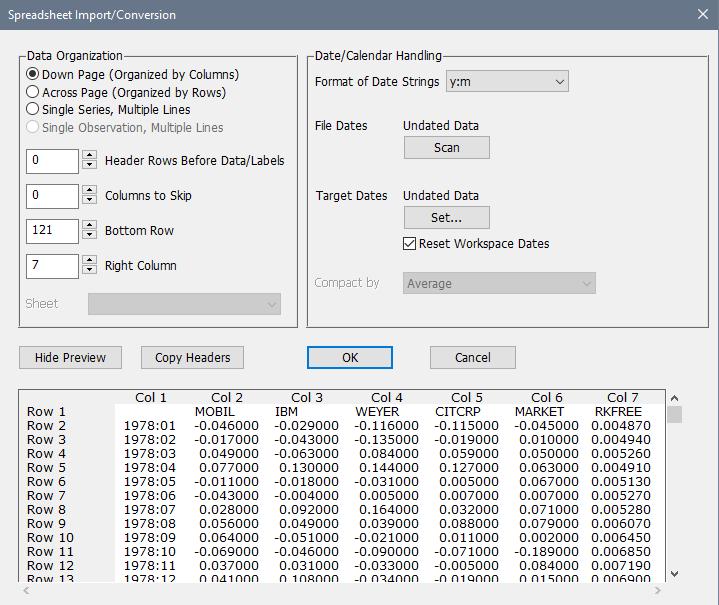 By default, this shows a preview of the data file. Note that the Row x and Col x fields aren't part of the file. You can use Hide Preview to get rid of that, though there is probably little reason to ever do that.
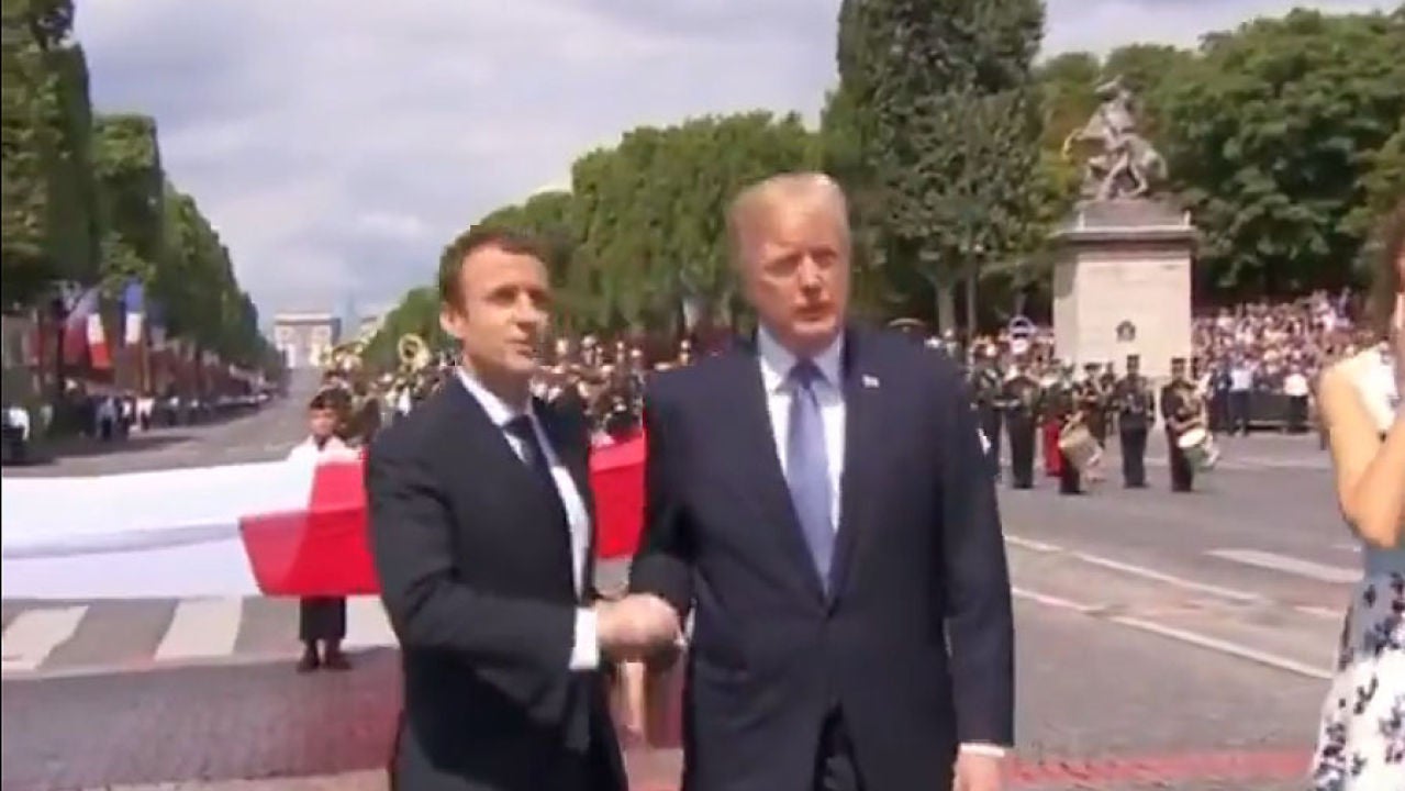 Al concluir los actos por la Fiesta Nacional de Francia, el presidente francés y el presidente de EEUU se volvieron a retar con un vigoroso apretón de manos.
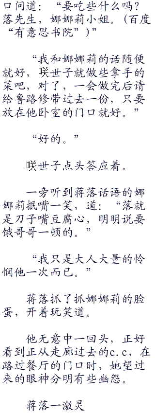 鲁路修一言不发,他低着头从蒋落的身边走过。
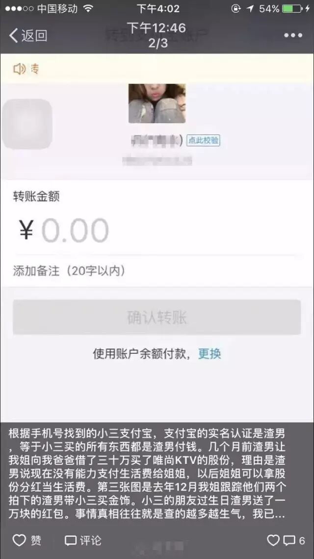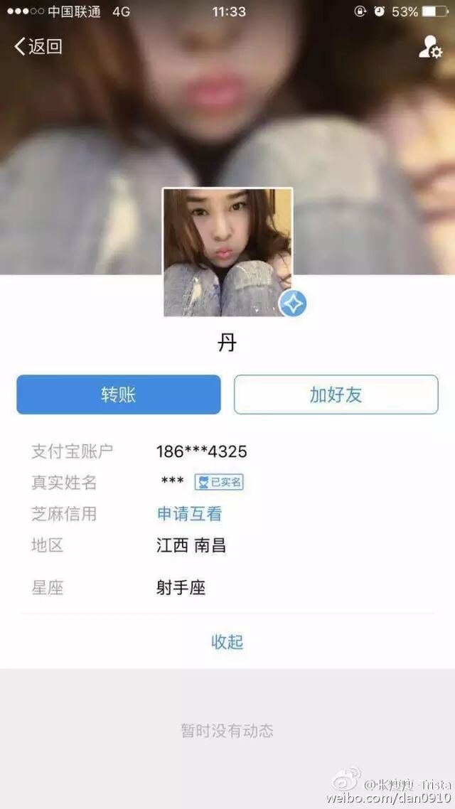 这是根据小三的电话查到的支付宝,绑定的还是渣男的实名制,可笑的是渣男天天哭穷,但是小三朋友的生日他送了一万块钱(听他们那群朋友说的,还只是三的朋友)
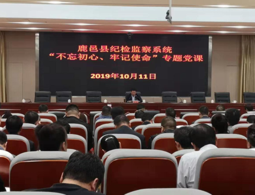10月11日,鹿邑縣委常委、紀委書記、監(jiān)委主任韓林利用縣紀委監(jiān)委“不忘初心、牢記使命”主題教育集中學(xué)習(xí)時間以《砥礪初心本色 ,強化使命擔當,奮力推進新時代紀檢監(jiān)察工作高質(zhì)量發(fā)展》為題為全縣紀檢監(jiān)察系統(tǒng)全體干部上了一堂生動的專題黨課。
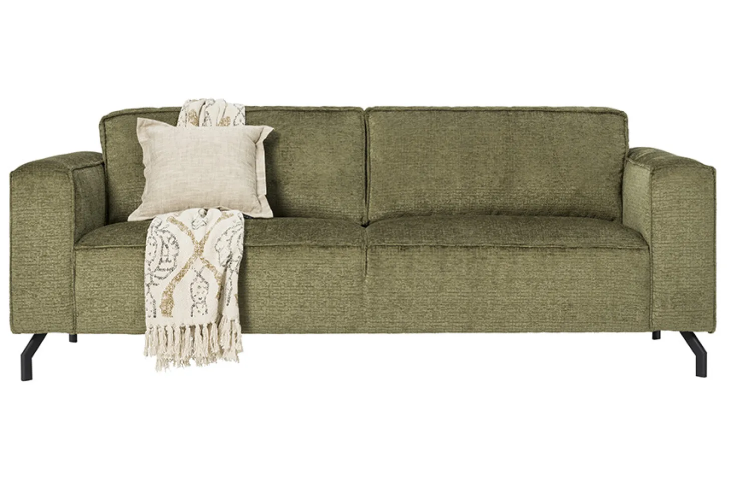 Trendy bank met retro look in stof Supreme. Dankzij de slanke poten en strakke vormgeving kan dit model gecombineerd worden in iedere woonstijl. Dit model heeft een comfortabele zit. Uitvoering en beschikbaarheid van dit outletmodel kan per vestiging verschillen. Voor al onze outletmodellen geldt: OP = OP!
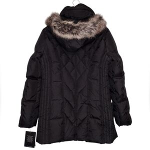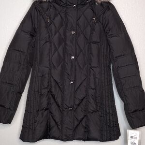 NWT London Fog Women's Black Quilted Coat Faux Fur Hood Fall Winter Jacket Sz M
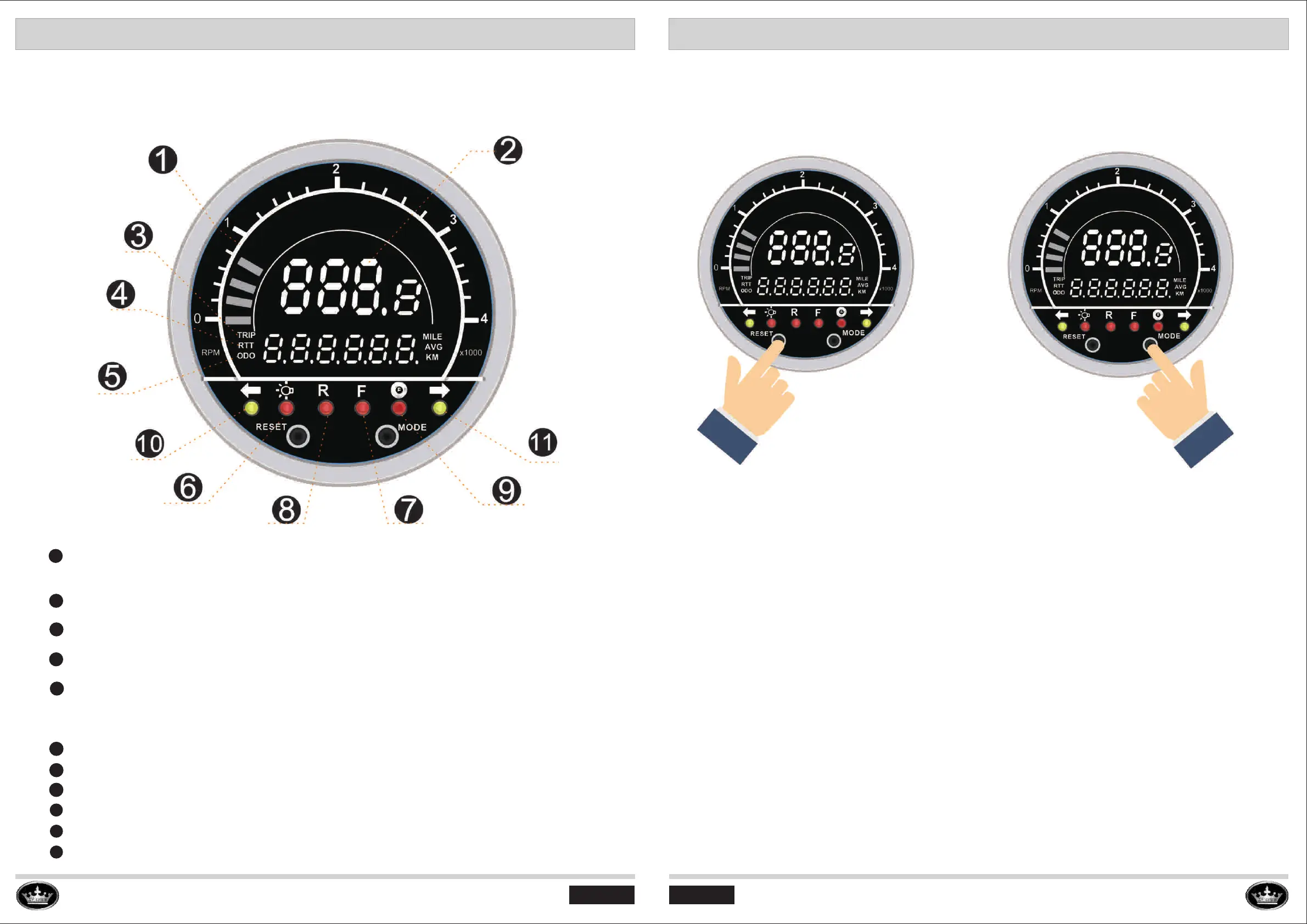 Motor Rotation Speed: shown on the top of speedometer (for example: when the
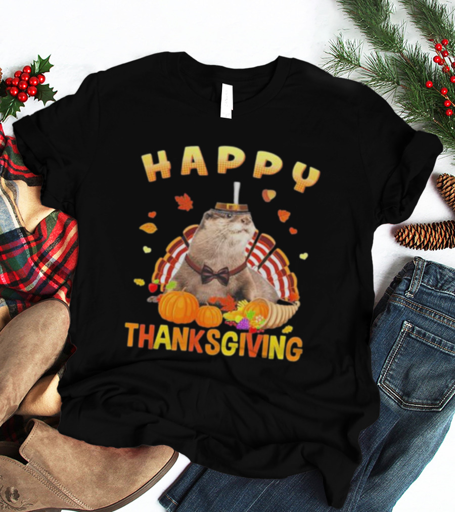 Happy Thanksgiving Otter Turkey Pilgrim T-Shirt
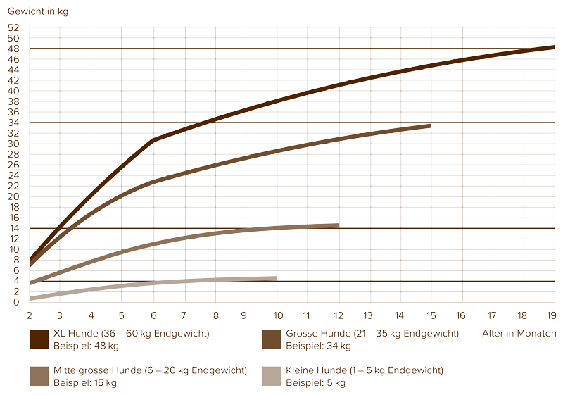 Grosse und Riesenrassen werden hingegen bis zu 100-mal schwerer: Ein Berner Sennenhundwelpe kommt mit rund 500 Gramm zur Welt und kann als ausgewachsener Hund stolze 50 kg erreichen. Dies lässt schon erahnen, dass besonders grosse Rassen auf ein gut entwickeltes, gesundes und stabiles Skelettsystem angewiesen sind. Gerade in der Entwicklung muss dieser Tatsache Rechnung getragen werden, und die Ernährung sollte den entsprechenden Bedürfnissen angepasst sein. Dies kann entweder durch die Ergänzung der herkömmlichen Nahrung für erwachsene Hunde oder durch spezielle Welpennahrung erfolgen.
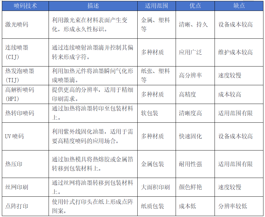 喷码技术是指在产品表面喷印特定信息的过程,这些信息包括但不限于生产日期、有效期、批号等。常用的喷码技术有以下几种类型:
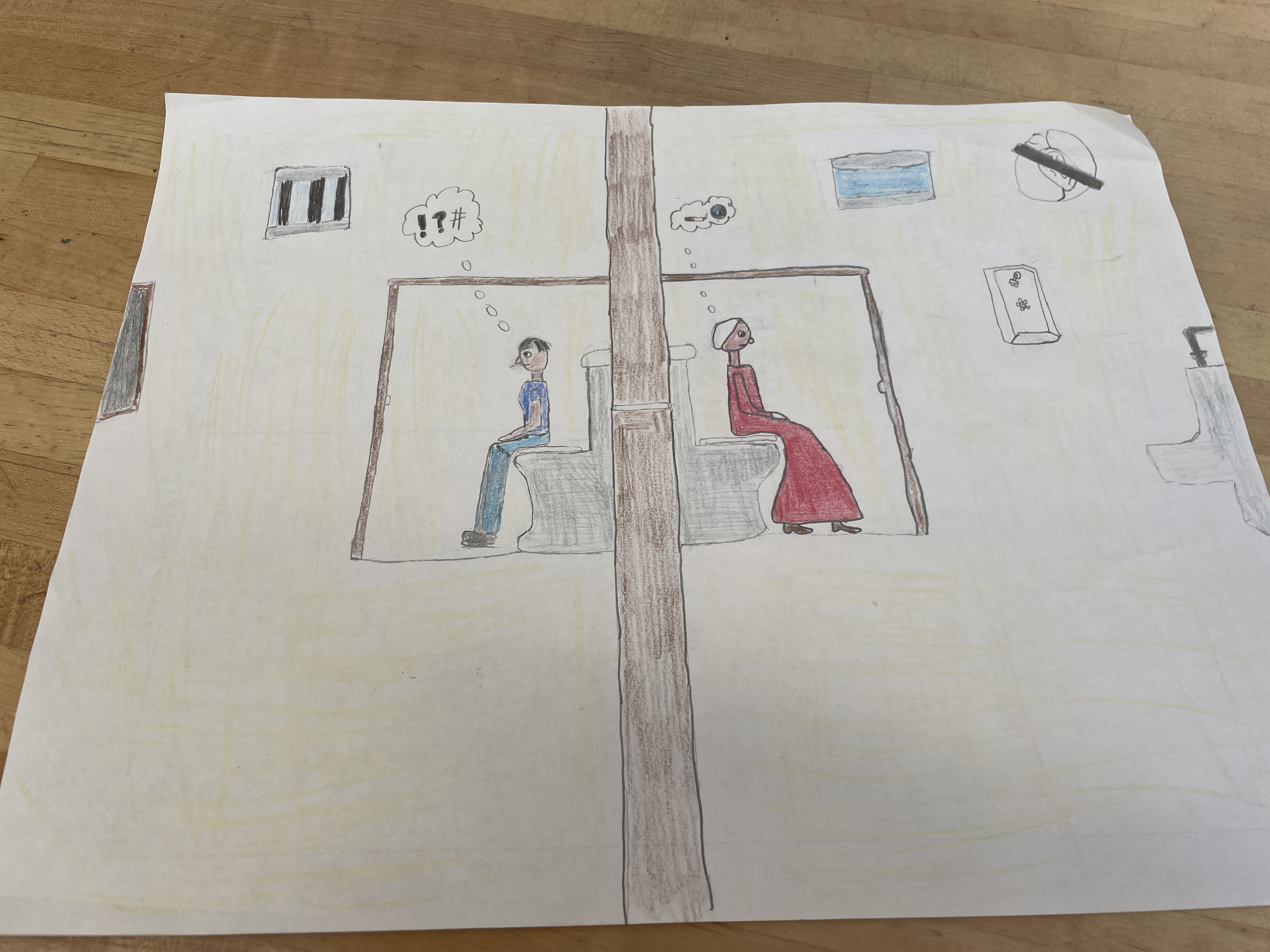 This piece is of the scene in chapter 13, of the bathroom stalls with Moira and Offred. The two of them go into stalls next to each other so they can speak to one another. This scene represents the only safe place at the school where the maids could talk with each other. Without the Aunts hearing in on the conversations. They spent their time there to just be able to talk. With these stalls being one of the only places they could connect; through a small hole in the wall of the two bathroom stalls, a relic of the past. Offred mentions this on (pg.73) “In the wood there’s a small hole, at the back, next to the wall, about waist height, souvenir of some previous vandalism or legacy of an ancient voyeur.” This small hole in the wall is the only reason they were able to connect so I made it the center of the drawing. Though the stalls are next to each other in the book I wanted to put them side to side to be able to see the characters.

◇ ◇ ◇ ◇

§ **Problem requirements**: Please write out only the material above, exactly, from its first line through the line that contains "Motor Rotation Speed: shown", and include no pictures.

§ **Answer section**:
 By default, this shows a preview of the data file. Note that the Row x and Col x fields aren't part of the file. You can use Hide Preview to get rid of that, though there is probably little reason to ever do that.
 Al concluir los actos por la Fiesta Nacional de Francia, el presidente francés y el presidente de EEUU se volvieron a retar con un vigoroso apretón de manos.
 鲁路修一言不发,他低着头从蒋落的身边走过。
 这是根据小三的电话查到的支付宝,绑定的还是渣男的实名制,可笑的是渣男天天哭穷,但是小三朋友的生日他送了一万块钱(听他们那群朋友说的,还只是三的朋友)
10月11日,鹿邑縣委常委、紀委書記、監(jiān)委主任韓林利用縣紀委監(jiān)委“不忘初心、牢記使命”主題教育集中學(xué)習(xí)時間以《砥礪初心本色 ,強化使命擔當,奮力推進新時代紀檢監(jiān)察工作高質(zhì)量發(fā)展》為題為全縣紀檢監(jiān)察系統(tǒng)全體干部上了一堂生動的專題黨課。
 Trendy bank met retro look in stof Supreme. Dankzij de slanke poten en strakke vormgeving kan dit model gecombineerd worden in iedere woonstijl. Dit model heeft een comfortabele zit. Uitvoering en beschikbaarheid van dit outletmodel kan per vestiging verschillen. Voor al onze outletmodellen geldt: OP = OP!
 NWT London Fog Women's Black Quilted Coat Faux Fur Hood Fall Winter Jacket Sz M
 Motor Rotation Speed: shown on the top of speedometer (for example: when the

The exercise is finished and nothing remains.